## [Given data]
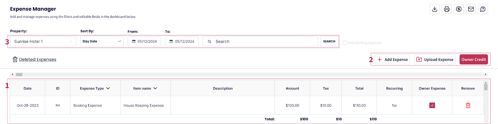 Example: If you pay for a housekeeping service and mark it as an Owner Expense, it will appear in the Revenue section for reimbursement.
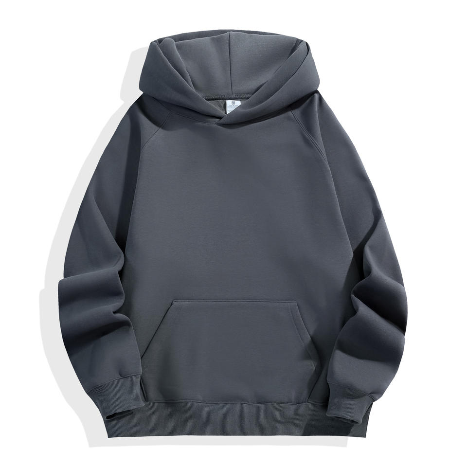 เสื้อฮู้ดผ้าฝ้าย100% 600ก. น้ำหนักมากสำหรับผู้ชายเสื้อฮู้ดพิมพ์ลายพัฟไร้สายสีดำ
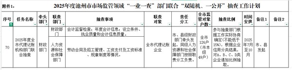 2025年度池州市市场监管领域“一业一查”部门联合“双随机、一公开”抽查工作计划
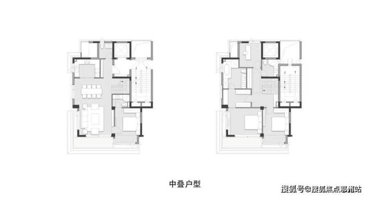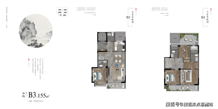 3楼到4楼为中叠,建面约为160、170㎡;5-6层加顶层露台为上叠,建面约155㎡、165㎡
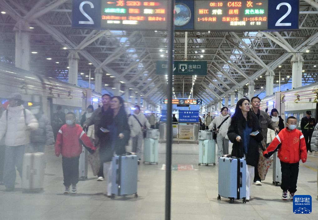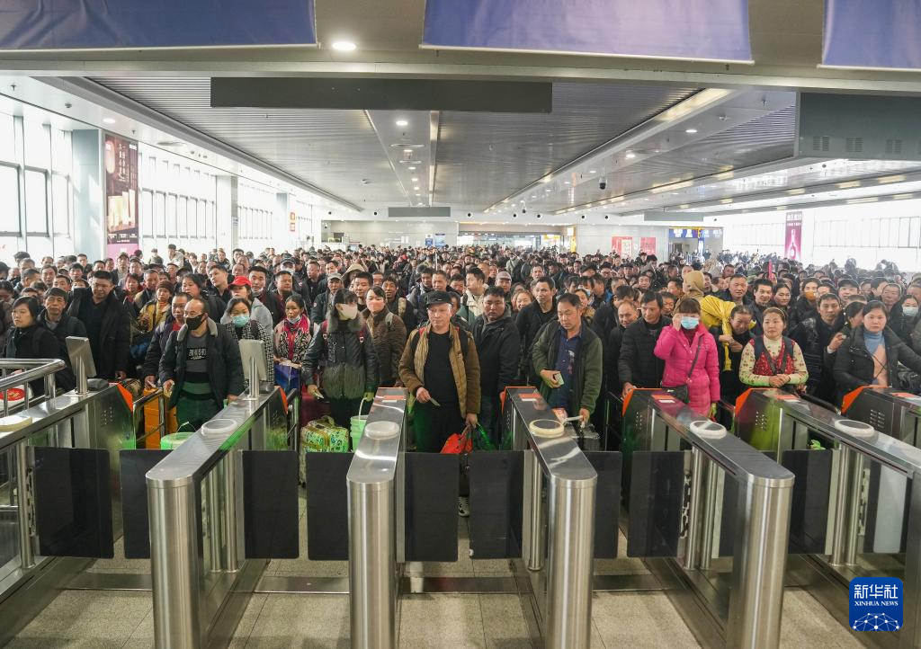 2月2日,旅客在沪昆高铁贵州铜仁南站转乘。
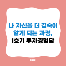 나 자신을 더 깊숙이 알게 되는 과정, 1호기 투자경험담 [여유둥]

## [Try it]
Exactly the lines from the one holding "2月2日,旅客在沪昆高铁贵州铜仁南站转乘。" through the last line of the entries must be set down, with nothing added and no pictures.

## [Your solution]
 2月2日,旅客在沪昆高铁贵州铜仁南站转乘。
 나 자신을 더 깊숙이 알게 되는 과정, 1호기 투자경험담 [여유둥]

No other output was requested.